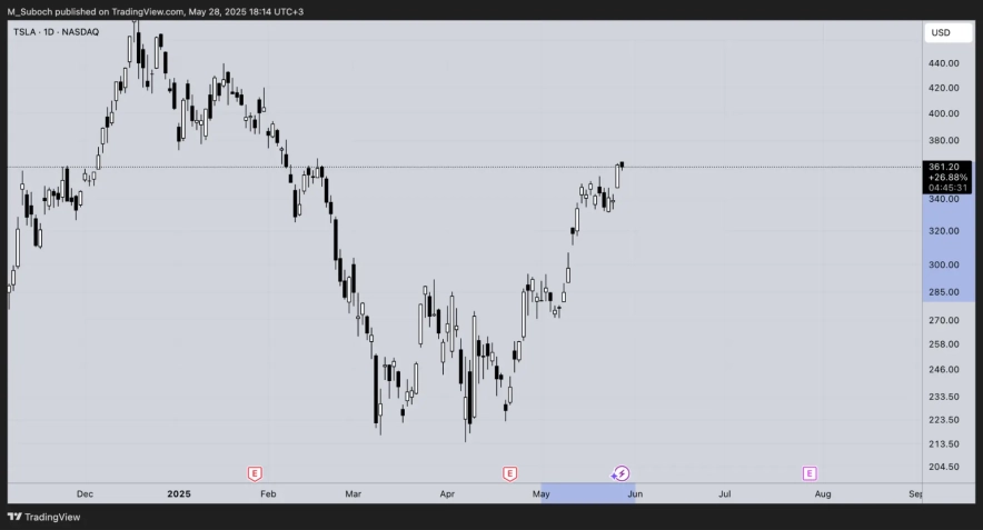 Несмотря на слабые квартальные результаты, акции Tesla демонстрируют рост. По состоянию на 28 мая 2025 года, стоимость акций достигла $361,29 (Yahoo Finance).
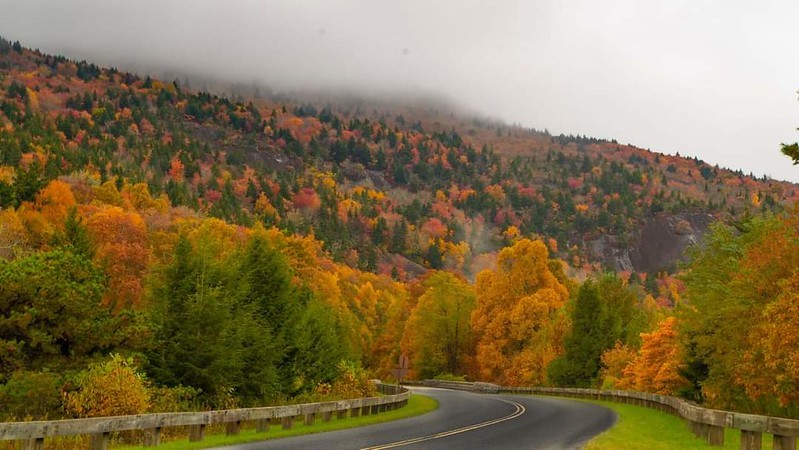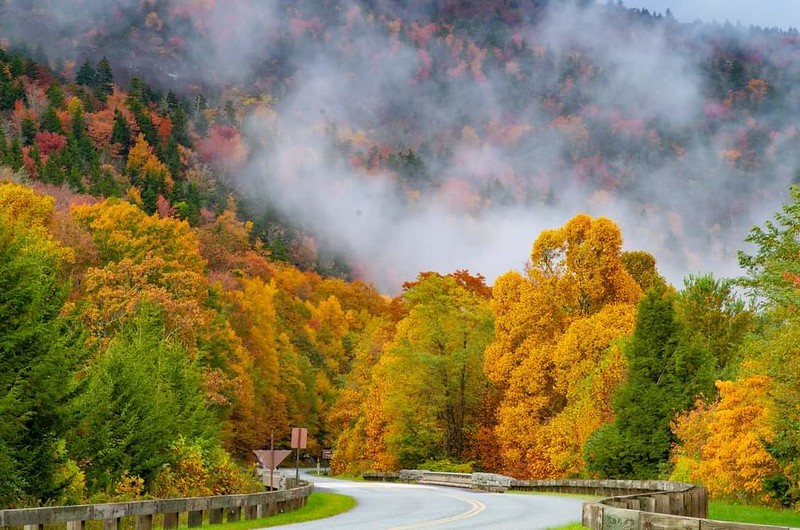They were calling for a rainy weekend and monday also. I took monday of just so I could enjoy a rainy day on the parkway. I was not disappointed the colors were at their peak and were fully saturated in the overcast sky. The fog was there at times but for the most part perfect conditions. The Blueridge parkway in North Carolina is one of the most beautiful places to take a fall drive!
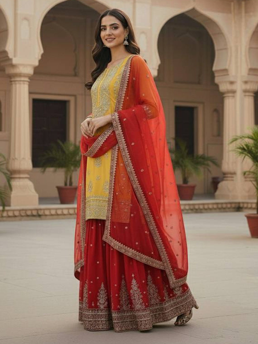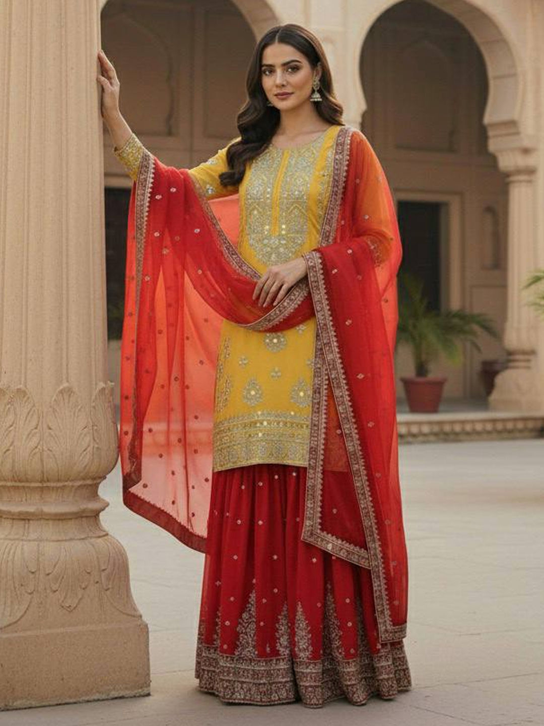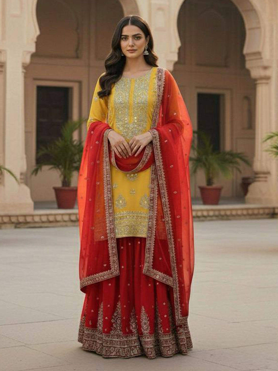 Yellow color Salwar Kameez in Georgette fabric with Embroidered, Sequence work
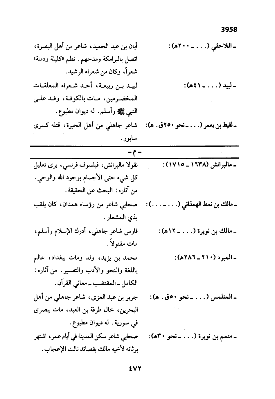 - لبيد (... - 41 هـ): لبيد بن ربيعة، أحد شعراء المعلقات المخضرمين، مات بالكوفة، وفد على النبي - صلى الله عليه وسلم - وأسلم. له ديوان مطبوع.
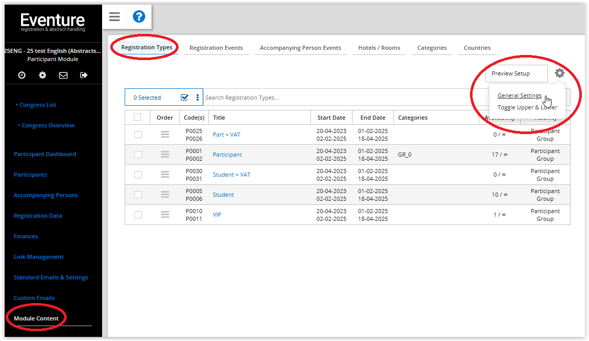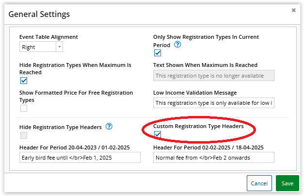 Some congresses have an early and a late fee. You can change the date text above the payment period(s).

____________

Go back to the line that contains "- لبيد (... - 41" and copy it, along with each line after it through the end of the listing above, exactly and without pictures.

 - لبيد (... - 41 هـ): لبيد بن ربيعة، أحد شعراء المعلقات المخضرمين، مات بالكوفة، وفد على النبي - صلى الله عليه وسلم - وأسلم. له ديوان مطبوع.
 Some congresses have an early and a late fee. You can change the date text above the payment period(s).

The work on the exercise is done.